Myth and science, usually at odds, seem to be in agreement here. That’s a bona fide red flag if you ask me.

Should I panic? Should I start building an underground fallout shelter? Or should I be looking at this differently? Maybe instead of working on an emergency plan to escape ill-fated Earth, I should be working on my attitude. If Doomsday were imminent, would it really be such a bad thing?

A silver lining then hit me. No one would have to worry about dying alone. That would be a relief. The lonely act of leaving loved ones behind and departing for the great beyond seems to be a deeply rooted fear for a lot of people. Fear no more.

And, of course, we wouldn’t have to worry about saving the planet anymore. Alleluia! Let’s be honest, how annoying is planetary housekeeping? Nobody really wants to go through their garbage, picking out recyclables, or ride bicycles. It’s exhausting. It’s silly. So, the end of the world is a good thing. Rejoice! It’s liberating.

It's the end of the world and I feel fine, Photo courtesy of Technorati

It’s also inspiring. Just the menacing thought of the world’s demise has stirred the creative minds and souls of writers, artists and musicians throughout history.

The threat of an impending global doom has given birth to masterpieces: in literature, Mary Shelley’s The Last Man and Cormac McCarthy’s The Road; in art, Michelangelo’s “The Last Judgment”; in music, R.E.M.’s “It’s the End of the World as We Know It (and I Feel Fine)” and the Clash’s “London Calling”; and in movies, Stanley Kubrick’s “Dr. Strangelove,” and most recently, Lars von Trier’s “Melancholia.”

Cinematic storytellers, especially, seem to be particularly inspired by the imminent doom that hangs over all our heads.

“Apocalyptic films function as a kind of warning about social, political or economic missteps that we as a society might be making,” said Bill Whittington, assistant chair of critical studies at USC’s School of Cinematic Arts.

He explained at a recent talk that apocalyptic stories have always interested filmmakers because of their drama and powerful messages.

Religious leaders around the world from the beginning have known that apocalyptic stories possess enormous power over people.

“It’s human nature to want to know how things end,” Father Eric told me just a couple days ago at the latest wedding counseling session.

“All these things, like the Mayan calendar or the Book of Revelations, are really about how life will change, not about how life will end,” he said.

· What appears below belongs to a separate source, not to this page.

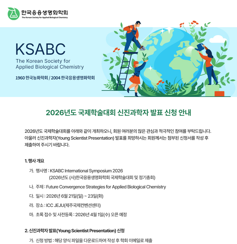 2026년도 국제학술대회 신진과학자 발표 신청 안내

Los Angeles crumbles, Photo courtesy of democraticunderground

I saw Los Angeles crumbling into the sea again as he was telling me this. But, this time, I didn’t break into a troubled sweat or thought about fallout shelters.

“The world will end,” Father Eric said. “It could be tomorrow, could be a thousand years from now. No one knows. That’s why you have to live each day like it’s your last.”

Who knew the apocalypse could be so life affirming? So, bring on the end of the world. It’s all good.